"""

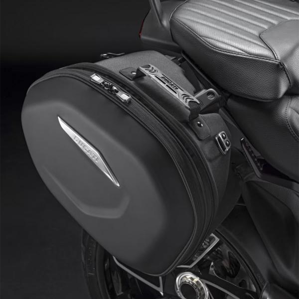 The side bags are specially designed to adapt to your Diavel V4, guaranteeing perfect integration with the bike's design. You'll have enough space to carry everything you need for the ride, without compromising the handling or aesthetics of your bike.
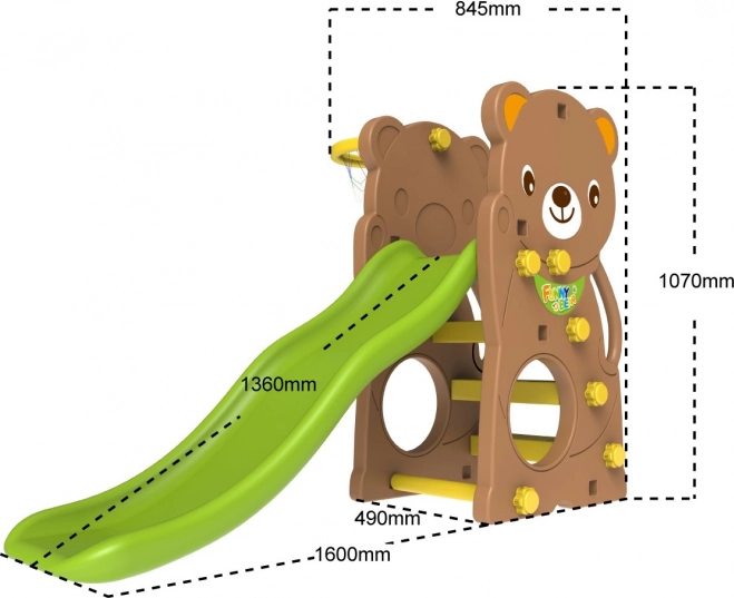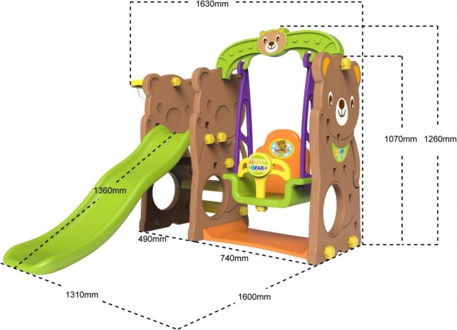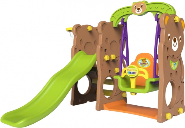 Široká houpačka s vysokým opěradlem a odnímatelnou zábranou, dlouhý hladký skluz a basketbalový koš s míčkem rozvíjí motoriku i koordinaci.
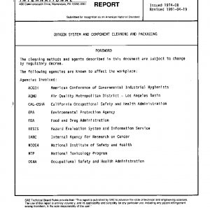 This Aerospace Information Report (AIR) specifies work area details, cleaning methods, test methods, and specifications for oxygen clean parts and packaging materials.
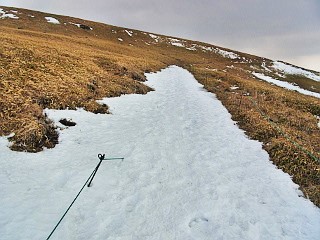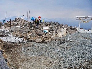 | 強風の中例年になく雪の少ない切るが峰の主峰に登る | ||
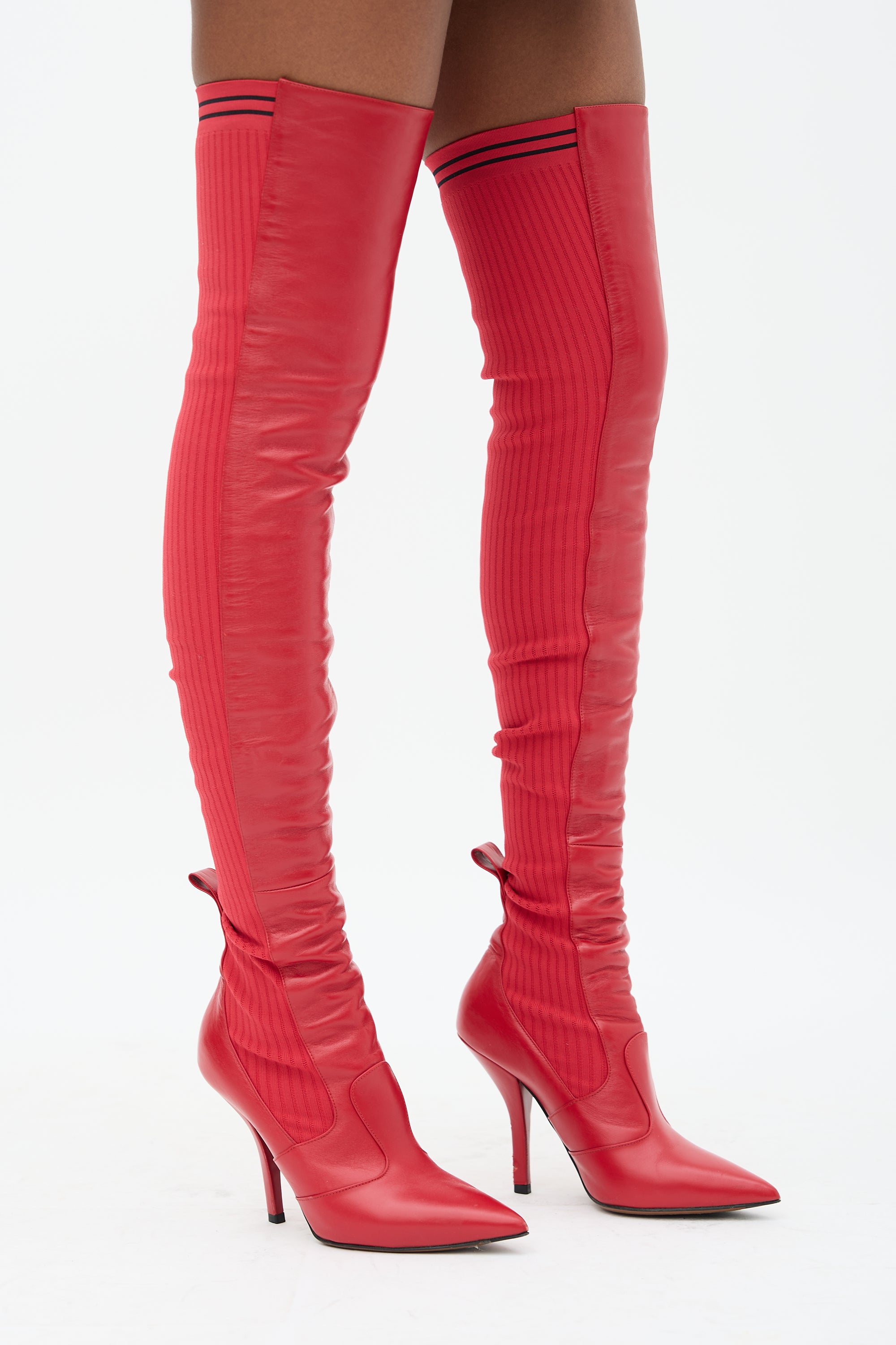 Pre-owned Fendi red leather Rockoko 100mm thigh high boots featuring pointed toe, elasticized shaft panel with thin stripe trim, pull tab at counter, and covered continental heel.

"""

WHAT IS NEEDED - Pictures stay out; repeat all the rest of the records exactly.

SOLUTION TO THIS EXERCISE -
 The side bags are specially designed to adapt to your Diavel V4, guaranteeing perfect integration with the bike's design. You'll have enough space to carry everything you need for the ride, without compromising the handling or aesthetics of your bike.
 Široká houpačka s vysokým opěradlem a odnímatelnou zábranou, dlouhý hladký skluz a basketbalový koš s míčkem rozvíjí motoriku i koordinaci.
 This Aerospace Information Report (AIR) specifies work area details, cleaning methods, test methods, and specifications for oxygen clean parts and packaging materials.
 | 強風の中例年になく雪の少ない切るが峰の主峰に登る | ||
 Pre-owned Fendi red leather Rockoko 100mm thigh high boots featuring pointed toe, elasticized shaft panel with thin stripe trim, pull tab at counter, and covered continental heel.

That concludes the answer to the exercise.